Santander stagnated its profit in the first quarter of the year due to the new Central Government tax on banks and a worse business result in Brazil and the United States.
The bank won 2,571 million euros, 1% more, but the result would have increased much more, 10%, and would have stood at 2,795 million if it had not had to pay 224 million euros for the lien. However, this payment is annual, so it will not appear again this year.
The bank’s CEO, Héctor Grisi, informed during his first press conference to defend the bank’s management that the entity has already challenged the tax and will not have much more impact on this aspect. He prefers to focus on “the aspects he can manage”.
Business fared worse in Brazil and the United States, two key regions for the group, which contributed to its shares falling 5.9% yesterday.
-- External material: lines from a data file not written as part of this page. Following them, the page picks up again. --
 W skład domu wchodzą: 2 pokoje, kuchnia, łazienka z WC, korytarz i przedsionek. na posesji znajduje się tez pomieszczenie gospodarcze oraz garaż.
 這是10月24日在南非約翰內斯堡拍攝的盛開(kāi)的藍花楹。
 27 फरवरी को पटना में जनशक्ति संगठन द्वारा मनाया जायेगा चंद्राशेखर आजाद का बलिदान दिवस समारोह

In Brazil, the bank won 469 million euros, 29% less, compared to 300 million in the United States, 51% less.
Beyond the stock market turmoil, the bank was able to avoid the crisis of SVB and Credit Suisse. It is also benefiting from interest rate hikes, to the point that its gross margin, which includes both interest and commissions, increased by 13% and stood at 13,935 million euros.
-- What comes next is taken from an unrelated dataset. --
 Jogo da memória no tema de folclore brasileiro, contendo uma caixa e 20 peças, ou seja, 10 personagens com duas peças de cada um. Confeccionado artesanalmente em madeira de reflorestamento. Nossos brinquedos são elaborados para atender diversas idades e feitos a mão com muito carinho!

Santander continues without informing when it will begin to raise the remuneration of the deposits. The entity, said Grisi, “will adapt to the market”. “We don’t have specific deposit offers, we will see them depending on the behavior of the market”, he insisted.
In January it registered “for seasonal reasons”, deposit outflows for 21,000 million which then recovered in February and March. In Spain the volume of deposits fell by 6.5% in the first quarter in relation to the previous one, up to 301,000 million euros, but it is 7.4% above what was recorded in the first quarter of 2022.
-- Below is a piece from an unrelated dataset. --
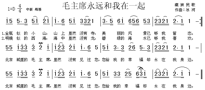 演唱的毛主席永远和我在一起(藏族民歌)歌词,毛主席永远和我在一起(藏族民歌)简谱.
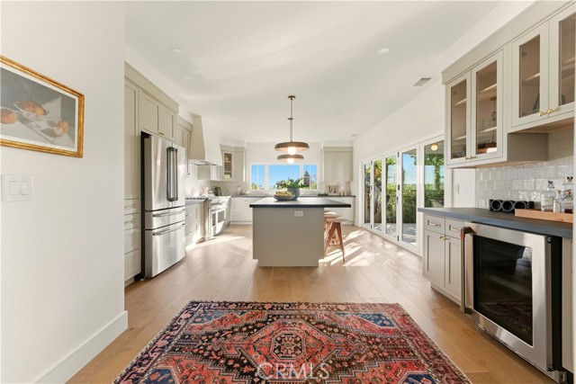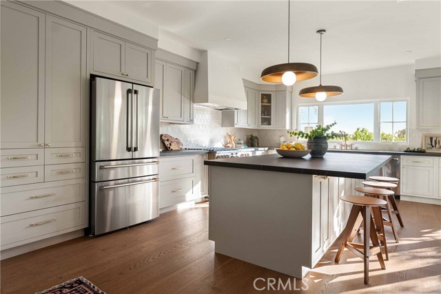 Welcome to 2201 North Hobart Blvd, a fully reimagined residence set just moments from the iconic Griffith Park Observatory—one of Los Angeles’ most historic and cinematic landmarks. Inside, the home has been meticulously rebuilt from the inside out: smooth-finish drywall, new electrical throughout, recessed lighting, wide-plank engineered hardwood floor, and solid-core shaker doors with polished nickel hardware create a refined, cohesive aesthetic at every turn. The heart of the home is a show-stopping chef’s kitchen, anchored by a 9-foot entertainment island topped with honed SapienStone porcelain. Custom inset shaker cabinetry, aged brass hardware, statement lighting, and a top-tier Café appliance suite—including a 48” dual-fuel range, built-in griddle, double ovens, wine cooler, French-door refrigerator, and smart-home connectivity, make this space equally perfect for hosting or everyday living. Spa-inspired bathrooms feature honed marble basketweave floors, custom cabinetry, designer fixtures, and in the primary suite, a dual shower, freestanding tub, and private toilet room. The primary bedroom enjoys a picture-window view of Los Angeles, private deck access, custom display shelving, and an oversized walk-in closet ready for personalization. Living and dining areas are warm and inviting, centered around the original stone fireplace, thoughtfully enhanced with backlighting. A built-in study hallway, abundant storage, and a beautifully finished garage with a custom wood-and-glass door add both function and style. Outside, the home’s curb appeal shines with new paint, hand-carved mahogany double doors, upgraded windows and expansive sliding and bifold doors that seamlessly connect indoor and outdoor living. Landscaped grounds with new sod, irrigation, preserved mature trees, and curated plantings create a tranquil retreat—ideal for entertaining under the stars. A rare opportunity to own a turnkey Los Feliz Estates residence in one of LA’s most storied and beloved neighborhoods—where history, nature, and luxury converge!

Despite the Credit Suisse crisis, Santander “is seeing an enormous facility to have liquidity”, and as long as there is liquidity it is difficult for banks to want to improve the remuneration of deposits.
Grisi also sent a message of reassurance over the collapses of SVB and Credit Suisse. They are “isolated cases” and “80% of our deposits are guaranteed by the guarantee funds of the different countries”, he said. “We have seen people quite calm.”
In Spain, the attributable profit for the first quarter was 466 million euros, 28% more than in the same period of the previous year. Revenue rose 26%, buoyed by the growth of 700,000 customers, among other things. Deposits grew by 7% to 301 billion, while loans fell by 3%.